Author of LFortran here. The historical answer is that both LFortran and Flang started the same year, possibly the very same month (November 2017), and for a while we didn't know about each other. After that both teams looked at the other compiler and didn't think it could do what they wanted, so continued on their current endeavor. We tried to collaborate on several fronts, but it's hard in practice, because the compiler internals are different.
I can only talk about my own motivation to continue developing and delivering LFortran. Flang is great, but on its own I do not think it will be enough to fix Fortran. What I want as a user is a compiler that is fast to compile itself (under 30s for LFortran on my Apple M4, and even that is at least 10x too long for me, but we would need to switch from C++ to C, which we might later), that is very easy to contribute to, that can compile Fortran codes as fast as possible (LLVM is unfortunately the bottleneck here, so we are also developing a custom backend that does not use LLVM that is 10x faster), that has good runtime performance (LLVM is great here), that can be interactive (runs in Jupyter notebooks), that creates lean (small) binaries, that fully runs in the browser (both the compiler and the generated code), that has various extensions that users have been asking for, etc. The list is long.
Finally, I have not seen Fortran users complaining that there is more than one compiler. On the contrary, everybody seems very excited that they will soon have several independent high-quality open source compilers. I think it is essential for a healthy language ecosystem to have many good compilers.
I appreciate the usecase you're describing but I feel like "that has good runtime performance (LLVM is great here)" is at odds with the rest of that list. I don't see that as a problem though. I think it's useful to have a very fast lightweight compiler for development and prototyping (both of projects and the compiler itself) and a slower one for highly optimized production releases.
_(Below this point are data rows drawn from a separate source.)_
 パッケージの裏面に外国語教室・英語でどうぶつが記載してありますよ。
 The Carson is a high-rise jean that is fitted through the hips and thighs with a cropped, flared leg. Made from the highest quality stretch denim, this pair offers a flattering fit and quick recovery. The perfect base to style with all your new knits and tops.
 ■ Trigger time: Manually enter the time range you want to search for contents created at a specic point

Yes, that's one answer. But I actually think you can absolutely have both in the same compiler. But you need to have two backends, as I described. You use the custom backend for development (fast to compile) and you use LLVM for release (fast to run).
Well yes, but at that point aren't you effectively writing two compilers in one? It seems to me that would be at odds with wanting it to be fast to compile itself (you said under 30s) and would make it more difficult for the uninitiated to contribute to.
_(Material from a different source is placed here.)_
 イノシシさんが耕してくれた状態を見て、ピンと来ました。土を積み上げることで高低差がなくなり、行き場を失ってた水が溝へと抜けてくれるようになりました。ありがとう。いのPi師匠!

I don't mean to discourage and I don't disagree with the aims. I just have the (possibly mistaken) impression that compilers inevitably fall on a continuum from simple and fast to complex and slow.
No, you "only" have to write a backend. Which is still a lot of work, but much less work than another compiler. There are multiple ways it can be designed, but one idea that I like the most right now is to create an API for LLVM, and then implement the same API ourselves with a fast backend. That way we reuse everything in current LFortran, including lowering to LLVM, we just have to refactor it to use our own API instead.
For extra fun, "flang" actually refers to three different projects, one of which also completely rebuilt its frontend, so there are four separate "flang" frontends to LLVM. And I know of at least one proprietary LLVM-based Fortran compiler that's not based on any of the flags, and I suspect there are a few more lurking about.
The short answer as to why there are so many different LLVM Fortran frontends is that open source community took a long time to find someone willing to commit to a Fortran frontend to LLVM, and even when that happened, the initial results weren't particularly usable--it's not until I want to say late 2020 or early 2021 that there's an in-LLVM-tree flang project, and the exe isn't renamed from flang-new to flang until 2024.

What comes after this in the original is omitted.